In the past few decades, data-driven machine-learning approaches have included support vector machines (SVMs), neural networks (NNs) ^[19,20,21], fuzzy logic ^[22,23,24], and hybrid ML techniques, which include a blend of deep learning algorithms, the nonlinear autoregressive network with exogenous inputs, multilayer perceptron, and random forest ^[25]. Additionally, grey wolf optimization (GWO)-integrated AI models ^[26] have drawn a lot of attention for streamflow forecasting applications. For instance, a study investigated and compared the effect of different dataset ratios in the prediction of groundwater using NN methods, observing that dataset size and model choice had significant effects on output ^[27]. Researchers working with ML algorithms have used training/testing ratios of 70/30, 80/20, and 90/10 for producing datasets ^[28,29,30]. ML-based models have been established and applied effectively and efficiently to solve a lot of real-world challenges ^{[31,32,33,34,35]}. The primary benefit of ML is its ability to subjectively analyze an infinite quantity of data and produce accurate results and evaluations. However, the quality of the data as well as how it is utilized determines the outcome ^[36]. Thus, in order to choose an appropriate data splitting for improved ML-based modeling, it is necessary to evaluate the impact of data splitting on the execution of soft computing models. This study investigates how data splitting affects the performance of random forest (RF) in predicting streamflow. The primary goal of the research was to develop hydrological models using monthly hydrological data and apply different training/testing ratios, namely 50/50, 60/40, 70/30, and 80/20. The objective was to analyze the impact of these ratios on the RF approach for forecasting river flow in the Kesinga sub-catchment of the Mahanadi basin.

2. Materials and methods

2.1. Modeling approach

2.1.1. Random forest (RF)

RF is the ML model based on the ensemble method of learning ^[37,38,39]. RF is a highly preferred ensemble learning method in ML research and practice, having been introduced by ^[37], and successfully performing classification and regression tasks.
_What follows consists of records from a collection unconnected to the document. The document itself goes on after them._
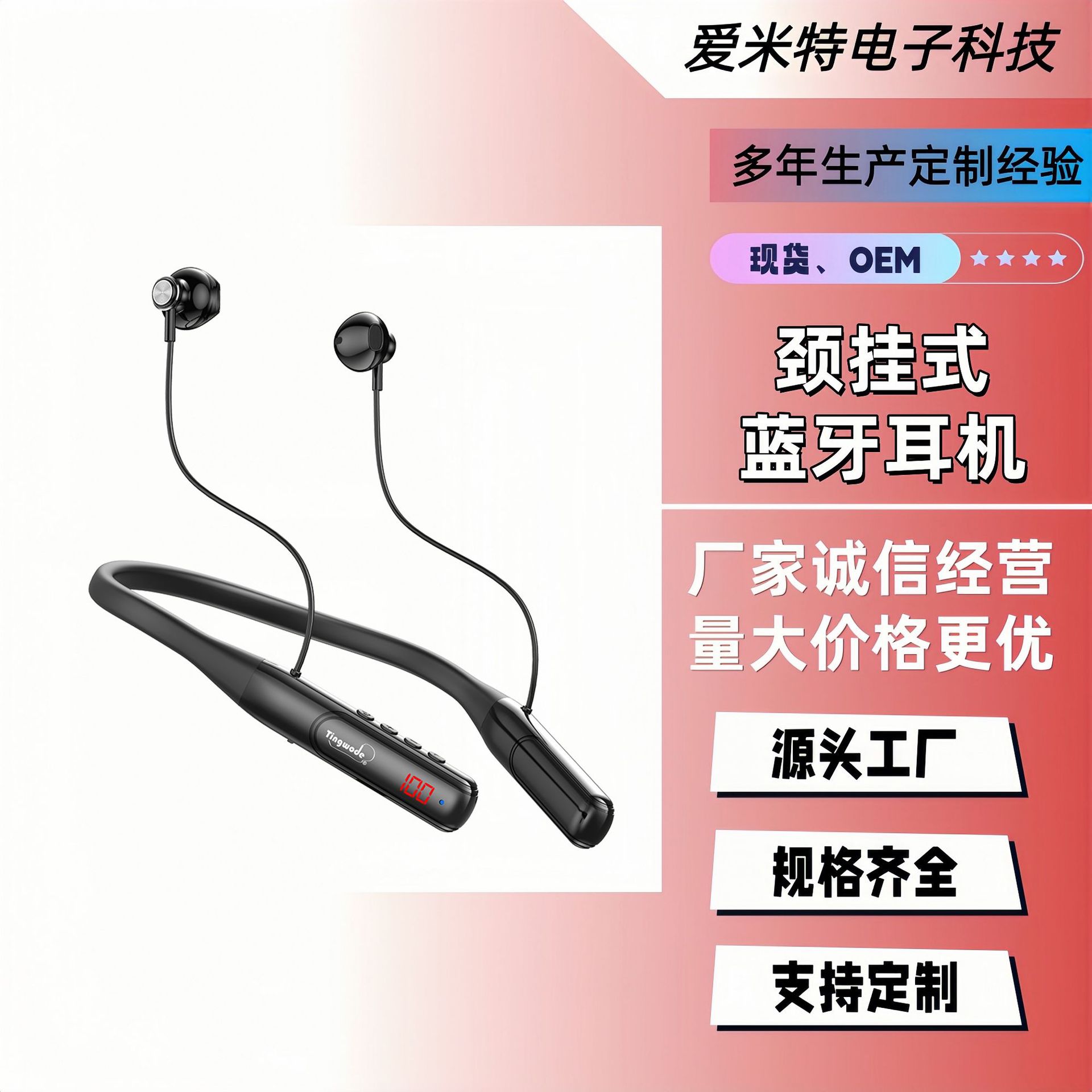抖音FD-1耳返挂脖式无线蓝牙耳机入耳式运动超长续航直播k歌新款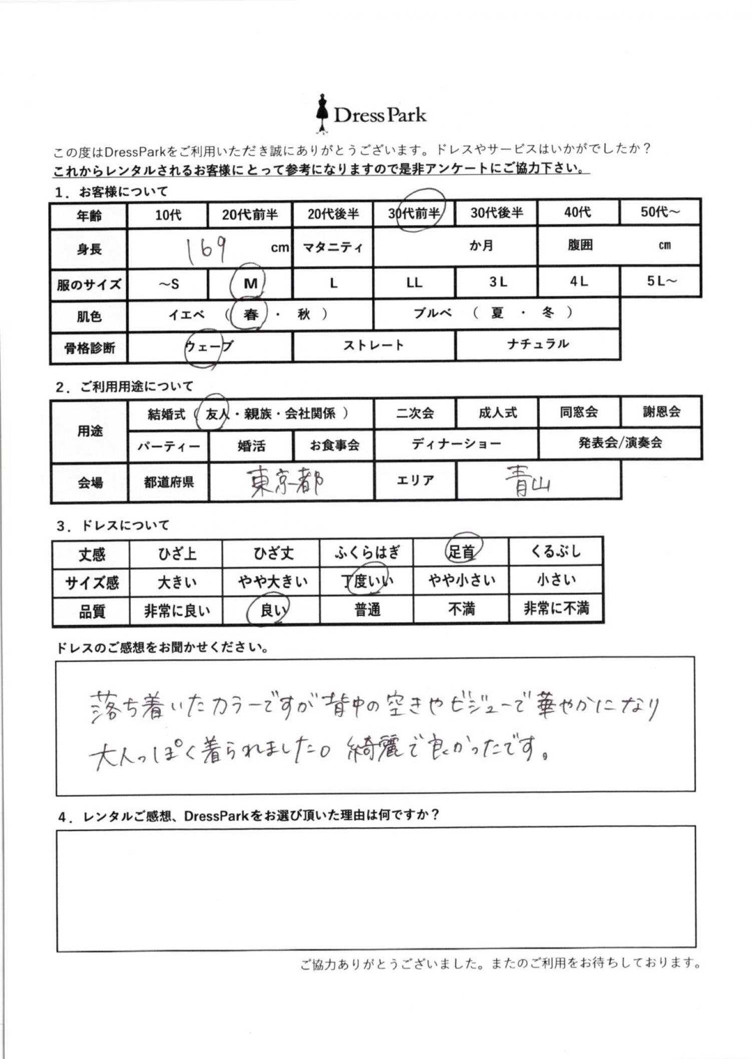 東京都 H.H様169㎝ Mサイズ青山・表参道 #30代#M/L#165~169㎝#結婚式(友人)#東京都#青山・表参道 ◆レンタルしたドレスはこちら ◆レンタルしたサイズは:M ◆レンタルした日付:2026/04/05 ドレスの着用感 ◆点数: (4点) ◆丈感:足首 ◆サイズ感:丁度いい ◆品質:良い ◆肌色:イエベ ◆骨格診断:ウェーブ ドレスの感想 落ち着いたカラーですが、背中の開き具合やビジューで華やかになり大人っぽく着られました。きれいでよかったです。 CUSTOMER REVIEWS お客様の声 気になるカテゴリー別にご利用の感想をチェック! ◆AGE 年代で見る 10代 20代 30代 40代 50代~ ◆SIZE サイズで見る SS/S M/L 大きいサイズLL~ ◆HIGHT 身長で見る 140~149㎝ 150~154㎝ 155~159㎝ 160~164㎝ 165~169㎝ 170㎝以上 ◆マタニティ ~3か月 4~6か月 7~8か月 9~10か月 ◆肌色 イエベ ブルべ ◆骨格診断 ウェーブ ストレート ナチュラル ◆利用シーン 結婚式(友人) 結婚式(親族) 結婚式(会社関係) 二次会 成人式/同窓会 謝恩会 パーティー その他 CUSTOMER REVIEWS都道府県別お客様の声 都道府県別にのお客様の声をチェック! 北海道 青森県 岩手県 宮城県 秋田県 山形県 福島県 茨城県 栃木県 群馬県 埼玉県 千葉県 東京都 神奈川県 新潟県 富山県 石川県 福井県 山梨県 長野県 岐阜県 静岡県 愛知県 三重県 滋賀県 京都府 大阪府 兵庫県 奈良県 和歌山県 鳥取県 島根県 岡山県 広島県 山口県 徳島県 香川県 愛媛県 高知県 福岡県 佐賀県 長崎県 熊本県 大分県 宮崎県 鹿児島県 沖縄県 CUSTOMER REVIEWSエリア別お客様の声 都道府県別にのお客様の声をチェック! 札幌 仙台 名古屋 軽井沢 金沢 神戸・芦屋 博多 那覇 梅田・新大阪 難波・心斎橋 鎌倉・湘南 横浜・みなとみらい 舞浜・浦安・幕張 大宮・浦和 青山・表参道 六本木・麻布 渋谷・恵比寿 新宿 池袋 銀座・丸の内 お台場・汐留 鹿児島市 郡山市 福島市 東予 甲府・石和 LINEでお問い合わせ このサイトではJavaScriptを使用しています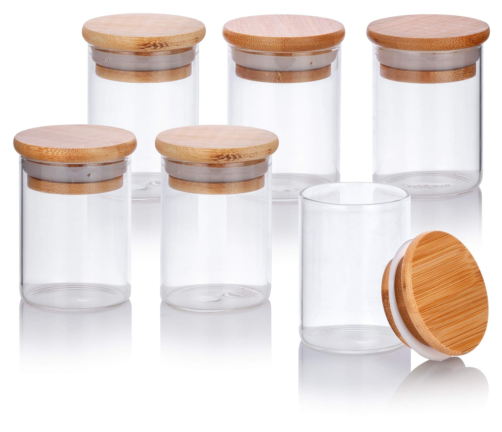 2.3 oz Premium Borosilicate Clear Glass Jars with Bamboo Silicone Sealed Lid (6 Pack) by JUVITUS Store
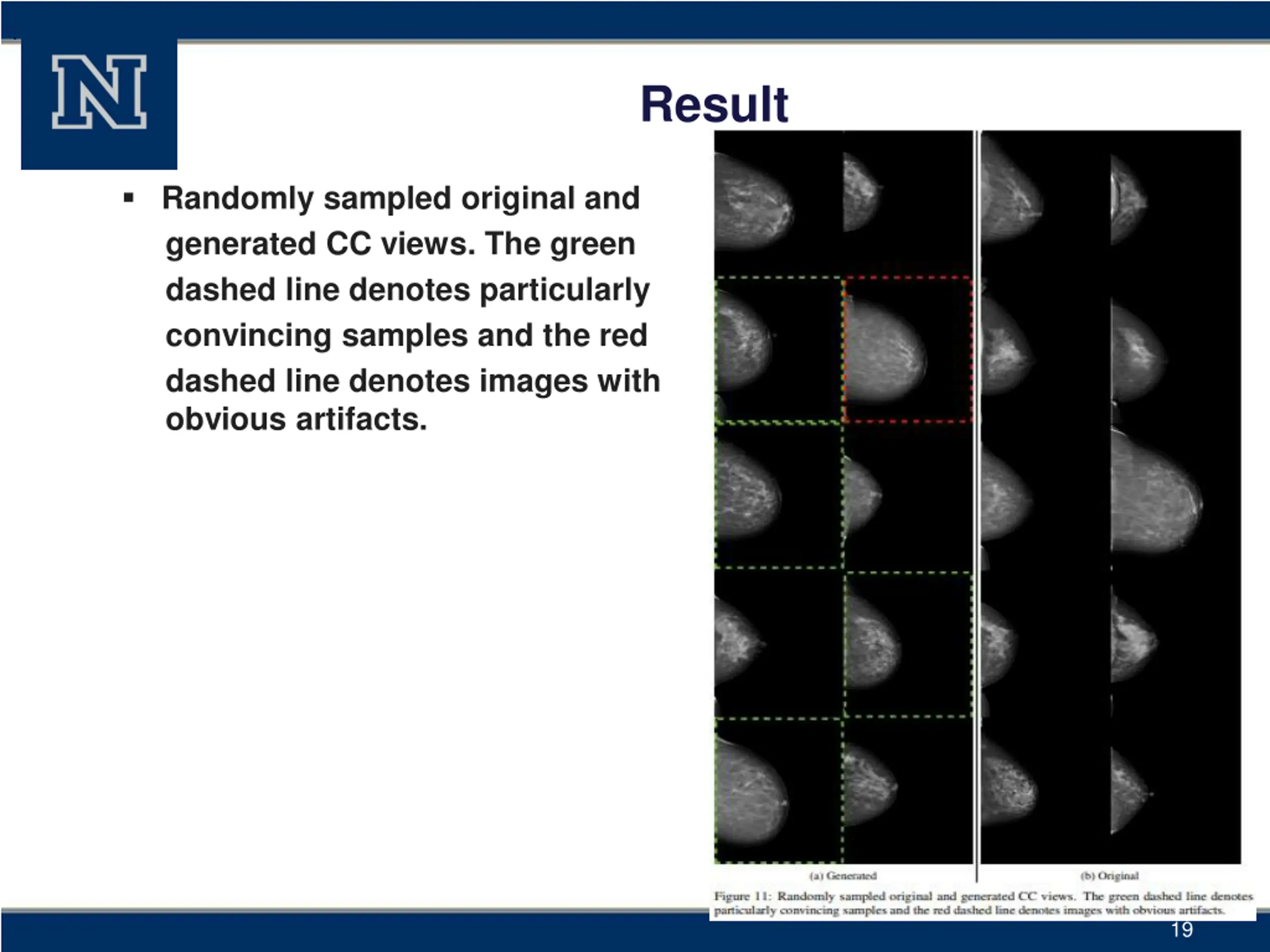 . Result Randomly sampled original and generated CC views. The green dashed line denotes particularly convincing samples and the red dashed line denotes images with obvious artifacts. 19
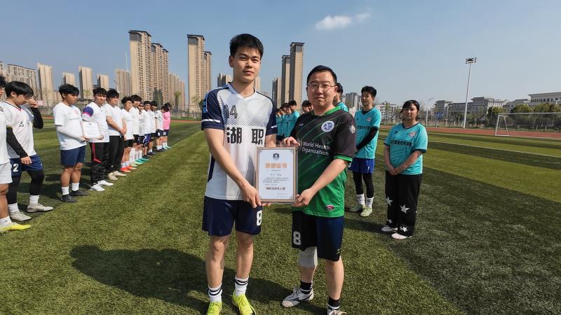 罗宇曾任机电学院体育部部长,在校期间深耕校园足球文化建设,牵头策划组织学院五人制足球赛事,完善赛事体系,打造校园足球赛事标杆,为学校体育文化节足球赛事规范化、特色化发展筑牢根基。毕业后,他怀揣报国赤诚投身军营,将校园淬炼的责任担当与军营铸就的忠诚风骨深度融合,刻苦训练、履职尽责,以实际行动续写湖职学子青春荣光。机电学院胡明亮老师为其颁发荣誉证书。
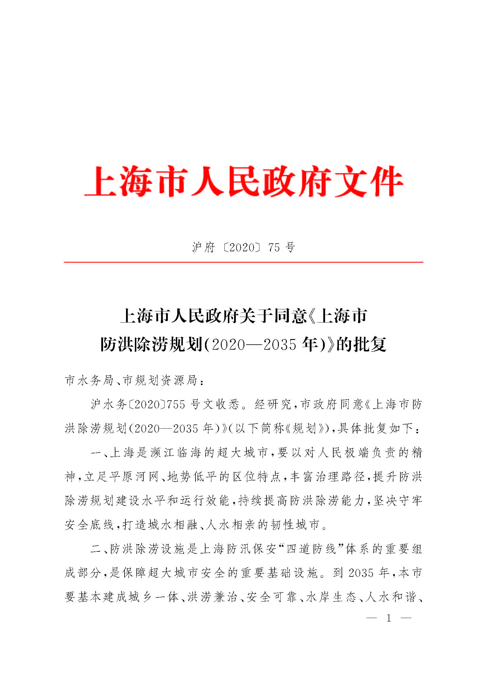 沪水务〔2020〕755号文收悉。经研究,市政府同意《上海市防洪除涝规划(2020—2035年)》(以下简称《规划》),具体批复如下: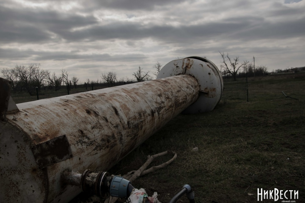 Воду жителям поселка развозят, ведь водонапорная башня также была повреждена в результате одного из вражеских обстрелов.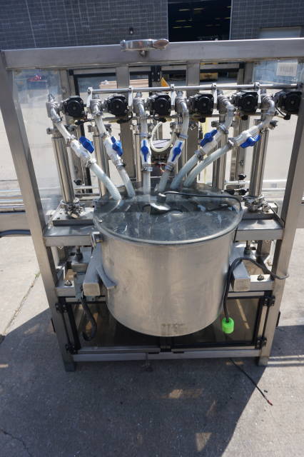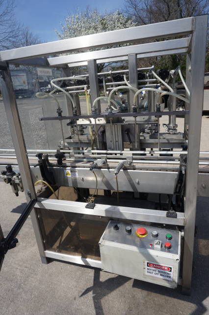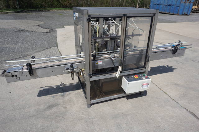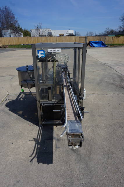 1-Use Biner Ellison Six Head fully Automatic Stainless Steel Straight Line Piston Filling Machine. Rated up to 120 containers per minute, machine has approximately 2 inch diameter by 11 inch long adjustable pistons and Servo actuated valves. Filler has enclosure around it, and is equipped with approx. 10 ft. long Stainless Steel Conveyor with pneumatic indexing and approximately 4-1/2 inch wide plastic tabletop chain. Filler has diving nozzles and Stainless Steel 16 inch diameter by 12 inch deep central Feed Tank. Electrical specification Single phase, 110 volt electrics (Stock # 8354)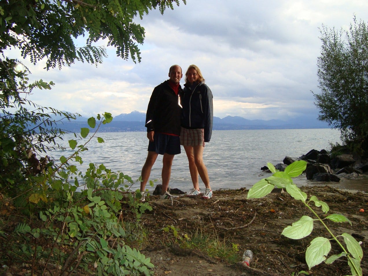 De avond is begonnen als we de laatste kilometers van bovenaf het meer Genève zien, met daarachter de enorme bergen van de Alpen en de 3D-stad Lausanne. We hebben kippenvel, maar niet van de kou. De deken van regen voor ons, de wolken en in de verte een twijfelende avondzon maakt het aanzicht machtig prachtig.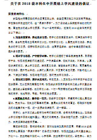 线上倡议促学风。2018级年级工作组向全体同学发出线上学风建设的倡议:值此特殊时期,作为新时代的青年员工,同学们应加强自我管理,养成良好习惯;端正学习态度,严守教学纪律;带头树立榜样,携手共克难关;厘清重点难点,集中统一攻关。线上学风建设从各个方面对同学们进行激励与引导,为年级优良学风建设打下了坚实的基础。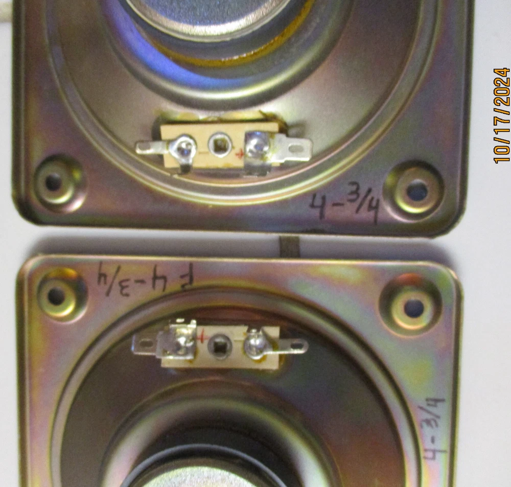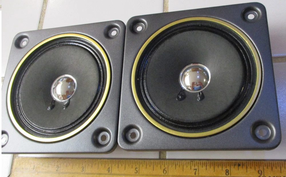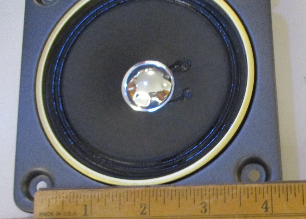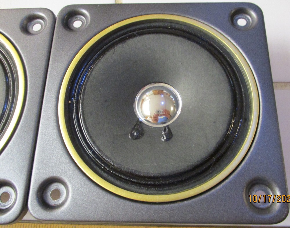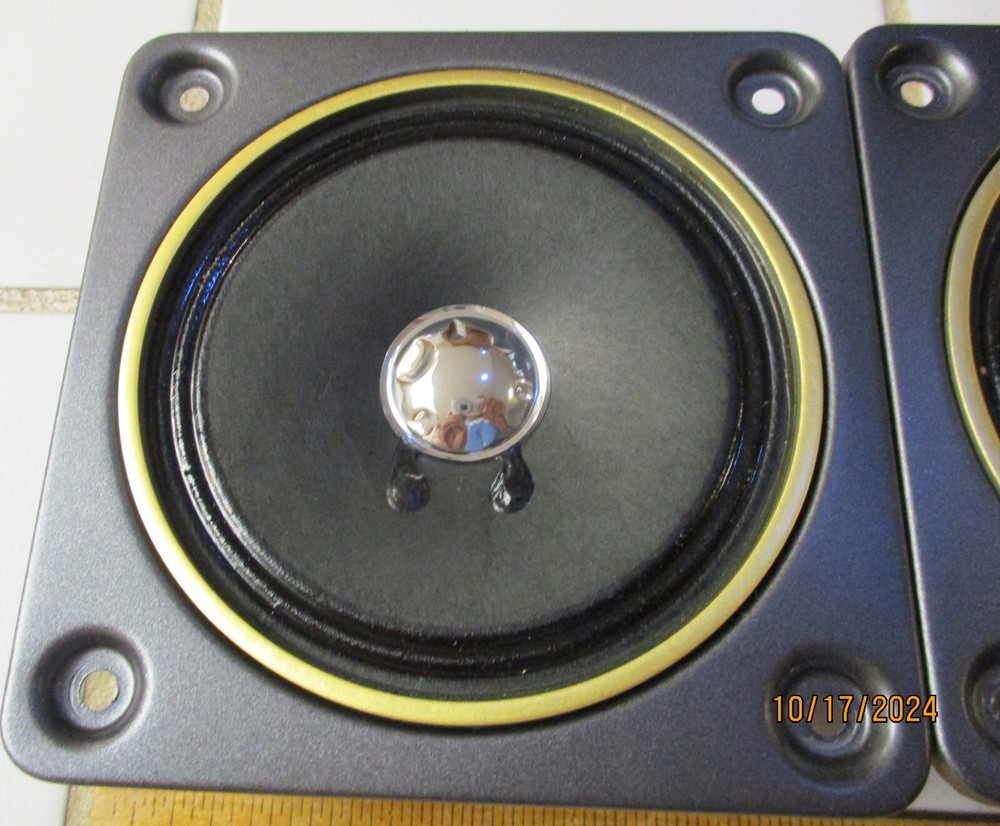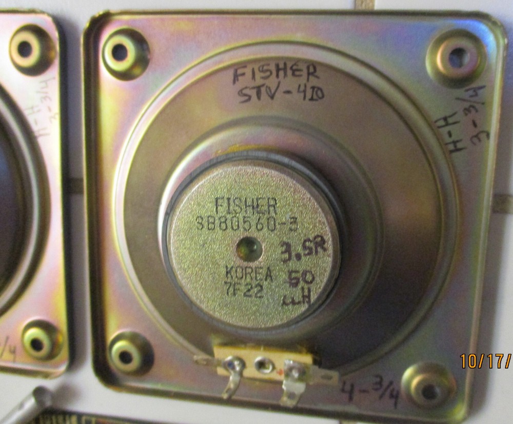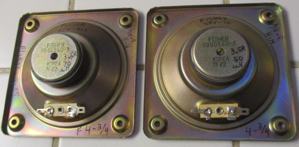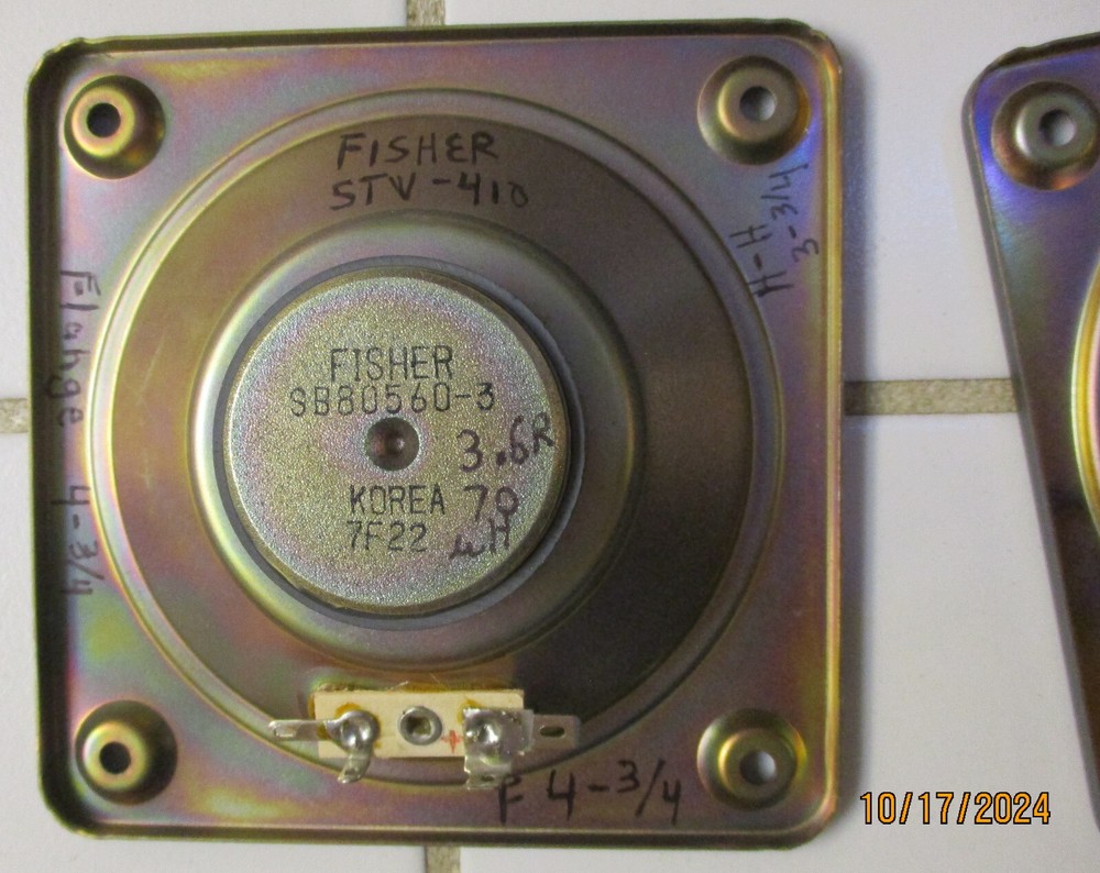 This e B a y Ad is for one Fisher S80560-3 MidRange with a 4 Ohm rating pulled from STV-410 decommissioned Speakers Two are available at start of the Ad MidRange 1 measures at 3.6 ohms, and 70uH MidRange 2 measures at 3.5 ohms, and 60uH SPECs: 9 ounces per Driver, 1.5" Deep, Flange X & Y is 4.75" on all sides (see Pics) Mount holes 3.25" across SQ holes, all sides. Surround is an accordion weave with treated thin resin (not a foam) Each produces equal Voice Range and too Alto sounds (balanced) Thank You for Looking - Notice Shipping is a better price? Ships to USA. Handling $3 Basement clear-out - many Audio items and Loud Speakers. Selling my collections on Downsize. There are other cool Audio, Speakers, and electronics at solar_home eBay pages.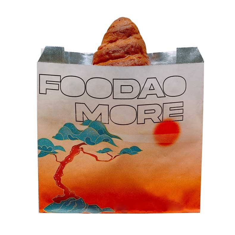 Greaseproof paper bag is made of 100% virgin wood pulp.. A protective barrier on the paper prevents grease from soaking through it. It generally is produced in sheets or rolls.Greaseproof paper is used for wrapping foods for storage, especially greasy foods such as butter, bacon or doughnuts,burgers,sandwiches etc.
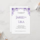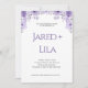 Está procurando um convite para o casamento floral limpo e crocante? Este convite apresenta um quadro floral roxo no topo do convite, mas é definido sobre um fundo branco limpo. Esta é a escolha perfeita para um casamento romântico ou tradicional, ou se o roxo é a sua principal cor de casamento.

The combination of decision trees is the basic idea underlying RF; it creates variety among the trees and minimizes overfitting by training each tree on an arbitrary subset of input characteristics and a different subset of the training data. To build an RF, a decision tree is created using a randomly selected subdivision of the training data by bootstrapping ^[40]. For each split, a selection of the input features is randomly considered, coined as the "random subspace" approach, to ensure each tree is different from the others. Adjusting the number of decision trees to be generated (Ntree) is a significant parameter to consider. Increasing the number of trees often improves the performance of RF. Since overfitting has little impact on RF, Ntree can be scaled relatively high. A subset of data can be used, known as out-of-bag (OOB) samples, for estimating the performance of the RF without needing a separate validation set. When performing RF regression, the individual trees are grown using the CART algorithm without pruning. Each tree uses different random subsets of features for splitting at every node and is grown to its maximum depth. The estimates of individual trees are combined to generate the final regression output, typically taking an average. A significant aspect of RF is the ability to determine variable importance. Variable importance is computed by evaluating how much a variable contributes to the improvement of prediction performance when it is randomly permuted. This approach can be used to evaluate the relevance of multiple features in the dataset and to select the most crucial variables for a particular task ^[41]. In conclusion, with their robustness, effectiveness, and interpretability, RFs are powerful and versatile ensemble learning models that have gained popularity. Figure 1 illustrates the working of RFs.

Figure 1. Schematic representation of random forest.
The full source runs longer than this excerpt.